It was a confusing statement, the severity of which the interviewer did not even seem to notice. Supermarket billionaire John Catsimatidis, owner of the New York radio station WABC, spoke last Friday with the president of the United States, Donald Trump, but the audio did not capture the attention of social networks until this Sunday. Trump said this: “They have a big plant or a big facility that the ships leave from. Two nights ago we took it out.”
The Republican was talking about Venezuela. And if he said what he seemed to want to say, he was confirming an attack, the first, after months of threatening that he would do so; with which the offensive against the Government of Nicolás Maduro would escalate. Neither the US nor those in Caracas authorities have given more details of the military operation, launched on Christmas Eve.
This Monday, Trump himself explained about this operation at the beginning of a meeting with Israeli Prime Minister Benjamin Netanyahu, which was “quick.” “There was a big explosion in the dock area where the boats are loaded with drugs. We already went for those boats, and now we have attacked the area, so that area of operations no longer exists,” he added.
When asked if the United States Army was behind the operation, Trump did not answer if it had been carried out by the Army, which this Monday attacked a new alleged drug boat and murdered two crew members in the Pacific without prior trial, or another American organization such as the CIA. “I don’t want to say that,” he said. “I know exactly who did it, but I don’t want to say it. But you know, it was along the coast,” he added.
CNN published hours later that it was the work of the CIA and that the attack against an installation of the Tren de Aragua criminal gang was with drones and that no one was killed.
In the radio interview last Friday, Catsimatidis asked Trump about the military campaign that the United States calls , which since last September has taken the form of attacks against alleged drug boats that have already resulted in more than a hundred extrajudicial murders of their crew members. Then came the interceptions of oil tankers, two, to date, entering or leaving Venezuela. If the attack on that “large facility” was confirmed, the third phase would have begun on the ground.

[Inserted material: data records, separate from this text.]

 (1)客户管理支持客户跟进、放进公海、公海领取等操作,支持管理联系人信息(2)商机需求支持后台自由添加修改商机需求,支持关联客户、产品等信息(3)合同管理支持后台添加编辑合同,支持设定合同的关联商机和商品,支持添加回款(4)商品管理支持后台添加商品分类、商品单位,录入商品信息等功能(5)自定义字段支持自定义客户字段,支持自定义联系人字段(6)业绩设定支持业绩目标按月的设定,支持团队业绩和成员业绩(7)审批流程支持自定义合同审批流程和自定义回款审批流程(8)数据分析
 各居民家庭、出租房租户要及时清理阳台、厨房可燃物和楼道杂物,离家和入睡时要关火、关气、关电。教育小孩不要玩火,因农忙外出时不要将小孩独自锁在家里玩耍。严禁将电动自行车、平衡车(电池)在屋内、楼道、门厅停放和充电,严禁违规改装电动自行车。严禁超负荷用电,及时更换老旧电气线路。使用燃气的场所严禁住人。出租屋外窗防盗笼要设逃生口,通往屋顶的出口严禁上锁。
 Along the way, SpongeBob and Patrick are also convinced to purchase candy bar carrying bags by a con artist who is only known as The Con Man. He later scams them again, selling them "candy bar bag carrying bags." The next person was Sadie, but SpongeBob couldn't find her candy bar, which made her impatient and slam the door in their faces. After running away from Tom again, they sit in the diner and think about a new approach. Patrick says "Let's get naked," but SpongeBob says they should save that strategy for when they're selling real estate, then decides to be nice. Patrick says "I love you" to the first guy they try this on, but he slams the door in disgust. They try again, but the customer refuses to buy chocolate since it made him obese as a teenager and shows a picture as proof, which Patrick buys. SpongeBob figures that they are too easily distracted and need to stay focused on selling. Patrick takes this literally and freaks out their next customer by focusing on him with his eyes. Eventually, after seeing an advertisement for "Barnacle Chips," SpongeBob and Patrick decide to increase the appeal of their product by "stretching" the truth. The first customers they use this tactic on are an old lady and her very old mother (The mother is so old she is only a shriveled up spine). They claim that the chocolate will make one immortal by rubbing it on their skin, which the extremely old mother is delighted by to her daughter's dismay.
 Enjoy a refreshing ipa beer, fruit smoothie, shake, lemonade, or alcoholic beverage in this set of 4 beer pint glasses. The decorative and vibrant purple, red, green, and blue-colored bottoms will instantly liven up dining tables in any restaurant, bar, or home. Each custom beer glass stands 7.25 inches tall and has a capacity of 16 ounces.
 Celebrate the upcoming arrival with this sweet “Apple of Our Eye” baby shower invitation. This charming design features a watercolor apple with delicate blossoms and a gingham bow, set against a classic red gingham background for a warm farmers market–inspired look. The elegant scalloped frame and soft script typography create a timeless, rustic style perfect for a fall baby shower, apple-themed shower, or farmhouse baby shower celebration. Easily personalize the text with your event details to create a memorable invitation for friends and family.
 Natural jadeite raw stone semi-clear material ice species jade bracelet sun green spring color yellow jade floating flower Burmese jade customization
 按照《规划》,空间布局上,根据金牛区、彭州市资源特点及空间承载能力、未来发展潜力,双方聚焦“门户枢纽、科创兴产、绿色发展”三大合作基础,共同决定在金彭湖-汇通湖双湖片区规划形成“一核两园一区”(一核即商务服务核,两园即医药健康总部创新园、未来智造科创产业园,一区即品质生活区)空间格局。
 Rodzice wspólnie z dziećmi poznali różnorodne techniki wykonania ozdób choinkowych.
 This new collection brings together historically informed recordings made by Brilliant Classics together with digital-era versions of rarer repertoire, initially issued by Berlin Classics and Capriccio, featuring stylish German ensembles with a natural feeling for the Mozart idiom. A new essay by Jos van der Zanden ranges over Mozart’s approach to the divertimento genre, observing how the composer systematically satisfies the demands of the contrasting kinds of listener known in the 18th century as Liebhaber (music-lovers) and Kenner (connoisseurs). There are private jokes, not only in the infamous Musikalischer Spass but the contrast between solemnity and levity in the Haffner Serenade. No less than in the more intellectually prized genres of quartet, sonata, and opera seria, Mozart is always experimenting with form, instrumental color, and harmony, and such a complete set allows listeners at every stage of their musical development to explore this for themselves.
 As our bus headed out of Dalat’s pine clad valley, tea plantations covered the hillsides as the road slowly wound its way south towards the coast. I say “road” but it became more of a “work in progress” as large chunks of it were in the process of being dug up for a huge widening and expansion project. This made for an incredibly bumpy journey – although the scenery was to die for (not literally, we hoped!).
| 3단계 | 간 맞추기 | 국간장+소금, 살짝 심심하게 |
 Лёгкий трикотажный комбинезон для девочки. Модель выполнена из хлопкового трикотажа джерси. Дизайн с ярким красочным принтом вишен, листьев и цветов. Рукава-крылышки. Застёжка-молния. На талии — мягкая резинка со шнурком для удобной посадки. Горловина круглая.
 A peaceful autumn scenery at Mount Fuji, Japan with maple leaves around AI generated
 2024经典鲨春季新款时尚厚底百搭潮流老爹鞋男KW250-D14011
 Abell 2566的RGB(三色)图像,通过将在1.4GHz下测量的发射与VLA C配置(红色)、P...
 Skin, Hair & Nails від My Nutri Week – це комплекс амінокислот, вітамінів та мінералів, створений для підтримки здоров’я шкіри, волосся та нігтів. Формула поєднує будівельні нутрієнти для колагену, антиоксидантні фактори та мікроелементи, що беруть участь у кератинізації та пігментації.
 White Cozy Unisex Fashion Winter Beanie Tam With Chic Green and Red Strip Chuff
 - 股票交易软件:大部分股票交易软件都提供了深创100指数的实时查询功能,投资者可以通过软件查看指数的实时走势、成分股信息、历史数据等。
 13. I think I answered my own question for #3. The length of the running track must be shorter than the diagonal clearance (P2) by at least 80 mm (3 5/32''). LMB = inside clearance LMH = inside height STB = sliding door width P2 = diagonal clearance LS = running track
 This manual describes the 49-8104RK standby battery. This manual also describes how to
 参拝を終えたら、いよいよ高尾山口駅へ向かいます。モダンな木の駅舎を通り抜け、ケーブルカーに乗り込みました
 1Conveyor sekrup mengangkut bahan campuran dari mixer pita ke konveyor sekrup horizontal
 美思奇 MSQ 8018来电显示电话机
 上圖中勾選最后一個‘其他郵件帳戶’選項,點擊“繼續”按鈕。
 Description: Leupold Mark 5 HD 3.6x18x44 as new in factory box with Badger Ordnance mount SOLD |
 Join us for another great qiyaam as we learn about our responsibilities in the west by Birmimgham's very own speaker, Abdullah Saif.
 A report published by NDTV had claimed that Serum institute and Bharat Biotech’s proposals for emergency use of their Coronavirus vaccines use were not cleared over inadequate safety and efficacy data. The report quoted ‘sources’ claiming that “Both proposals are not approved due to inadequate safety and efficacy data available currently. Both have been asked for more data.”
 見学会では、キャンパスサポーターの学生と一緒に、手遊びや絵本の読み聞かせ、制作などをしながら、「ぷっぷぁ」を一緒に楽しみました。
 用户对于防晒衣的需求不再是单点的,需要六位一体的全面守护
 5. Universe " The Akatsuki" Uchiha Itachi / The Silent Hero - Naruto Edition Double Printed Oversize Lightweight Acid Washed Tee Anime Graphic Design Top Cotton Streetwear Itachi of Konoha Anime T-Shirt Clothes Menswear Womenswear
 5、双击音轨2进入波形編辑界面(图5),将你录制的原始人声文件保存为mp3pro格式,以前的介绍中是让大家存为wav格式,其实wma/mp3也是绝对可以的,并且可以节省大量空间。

Trump did not give the exact location of the plant. Because it was not there, it was not entirely clear that the attack was directed against Venezuela. US authorities have declined to share details about this, including the location of the target, how the operation was developed, or the role of the destroyed plant in drug trafficking from Venezuela, a country that has a residual participation in the trafficking of cocaine that reaches the United States, and that does not send fentanyl, a powerful opioid responsible for the largest crisis of overdose deaths in the history of the North American country. The illegal production of this substance corresponds to Mexico and China.
Several senior US officials have supported Trump’s statements and confirmed The New York Times that the plant attacked was a drug trafficking facility, although they did not share more information. Both the CIA and the White House declined to comment on the matter.
It is striking in this nebulous matter that Caracas has not reported the attack, or that more information on the ground has emerged.
Washington’s military operations against Venezuela, which the Pentagon has supported with an unprecedented naval deployment in the Caribbean, seek (no one tries to hide it anymore) to exert pressure on Maduro to force a regime change.
The United States has also shown interest in the South American country’s oil in recent weeks. On December 10, its army intercepted a cargo ship sanctioned by the Department of Commerce, the Skipperwhich was sailing with 1.9 million barrels of crude oil. Trump assured last week that the intention was to keep that burden.
The threats to move to a “second phase” with ground attacks (third, if you count the oil tankers, in addition to the alleged drug boats) began months ago. Trump has acknowledged to the press several times that he had already granted permission to plan covert actions in Venezuela. At this time, it has been unclear what form these might take. Added to these unknowns is whether the new phase of harassment of Chavismo began on Christmas Eve with the attack on a facility in a location yet to be determined.